Optimized Locking is based on two key mechanisms:

  • Transaction ID (TID) locking
  • Lock After Qualification (LAQ)

What is the Transaction ID (TID)?

The Transaction ID (TID) is a unique transaction identifier.

When a row-versioning based isolation level is active, or when Accelerated Database Recovery (ADR) is enabled, every row in the database internally contains a transaction identifier.

The TID is stored on disk in the additional 14 bytes that are associated with each row when features such as RCSI or ADR are enabled.

Every transaction that modifies a row tags that row with its own TID, so each row in the database is labeled with the last TID that modified it.

Contents

About this sample
Before you begin
Run this sample
Sample Details
Disclaimers
Related links

About this sample

Before you begin

To run this sample, you need the following prerequisites.

Software prerequisites:

  1. SQL Server 2025 (or higher)

Run this sample

Setup code

  1. Download create-configure-optimizedlocking-db.sql T-SQL script from sql-scripts folder
  2. Verify that a database named OptimizedLocking does not already exist in your SQL Server instance
  3. Execute create-configure-optimizedlocking-db.sql script on your SQL Server instance
  4. Run the commands described in the sample details section

Sample Details

Currently, the only way to read the TID of a row is by using the DBCC PAGE command.

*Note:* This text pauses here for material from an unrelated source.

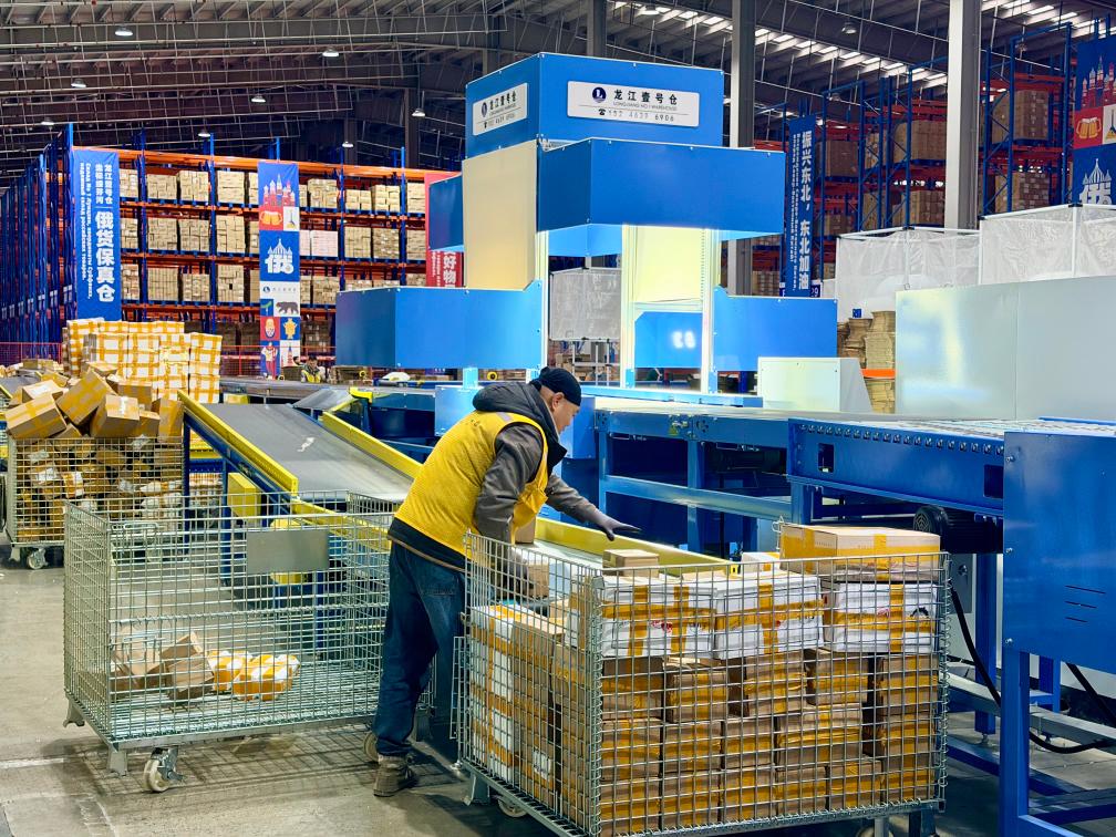 正在省主要港口城市绥芬河,天府盛俄品龙江壹号仓一派忙碌气象,这里集结着琳琅满目标进口商品,工做人员忙着打包快递,将其发往全国消费者手中。记者留意到,每件进口商品的外包拆上。

Let's consider the table dbo.TelemetryPacket, with the schema defined in the following T-SQL code snippet.

USE [OptimizedLocking]
GO

CREATE TABLE dbo.TelemetryPacket
(
  PacketID INT IDENTITY(1, 1)
  ,Device CHAR(8000) DEFAULT ('Something')
);
GO

The table schema is designed so that each row occupies exactly one data page.

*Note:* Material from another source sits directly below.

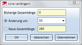 Im Feld Bisherige Gesamtlänge wird dann die aktuelle Länge dieser Linie angezeigt. Durch Aktivierung der Option Änderung um oder neue Gesamtlänge und anschließende Eingabe des gewünschten Wertes legen Sie dann die Art der Verlängerung/Verkürzung fest.

Insert three rows with default values into the dbo.TelemetryPacket table. Note that this is done in a single transaction.

BEGIN TRANSACTION
INSERT INTO dbo.TelemetryPacket DEFAULT VALUES;
INSERT INTO dbo.TelemetryPacket DEFAULT VALUES;
INSERT INTO dbo.TelemetryPacket DEFAULT VALUES;
COMMIT

Let's explore the content of the dbo.TelemetryPacket table, enriched with the PageId column, which shows the result of the undocumented function sys.fn_PhysLocFormatter. Use this function to correlate the rows returned by the SELECT with their physical location on disk.

USE [OptimizedLocking]
GO

SELECT
  *
  ,PageId = sys.fn_PhysLocFormatter(%%physloc%%)
FROM
  dbo.TelemetryPacket;

The output is similar to the following, except for the values in the PageId column.

PageId PacketID Device
(1:2456:0) 1 Something
(1:2457:0) 2 Something
(1:2458:0) 3 Something

Each value in the PageId column follows the format (FileID:PageID:SlotID) and represents the physical location of the data.

Let's examine the row where PacketID equals 1. The value (1:2456:0) is composed of three parts separated by ":". Here is what each part represents:

  • 1 - the numeric identifier of the database file (FileID)
  • 2456 - the page number within the file (PageID)
  • 0 - the slot number on the page (SlotID)

Use the DBCC PAGE command to inspect the TID of page 2456.

-- Enable trace flag for DBCC PAGE output
DBCC TRACEON(3604);
GO

DBCC PAGE ('OptimizedLocking', 1, 2456, 3);

The value of the unique TID that modified the row with PacketID equal to 1 is in the Version Information section, under the Transaction Timestamp attribute, as shown in the following sample data.

Version Information = 
 Transaction Timestamp: 985
 Version Pointer: Null

Slot 0 Column 1 Offset 0x4 Length 4 Length (physical) 4
PacketID = 1 
Slot 0 Column 2 Offset 0x8 Length 8000 Length (physical) 8000
Device = Something…

TID 985 represents the identifier of the transaction that inserted the rows; every subsequent change to the table rows will update the TID.

Disclaimers

The code included in this sample is not intended to be a set of best practices on how to build scalable enterprise grade applications. This is beyond the scope of this sample.

Note: The DBCC PAGE command is undocumented and intended for troubleshooting and diagnostic purposes only. It should not be used in production environments without proper understanding and testing.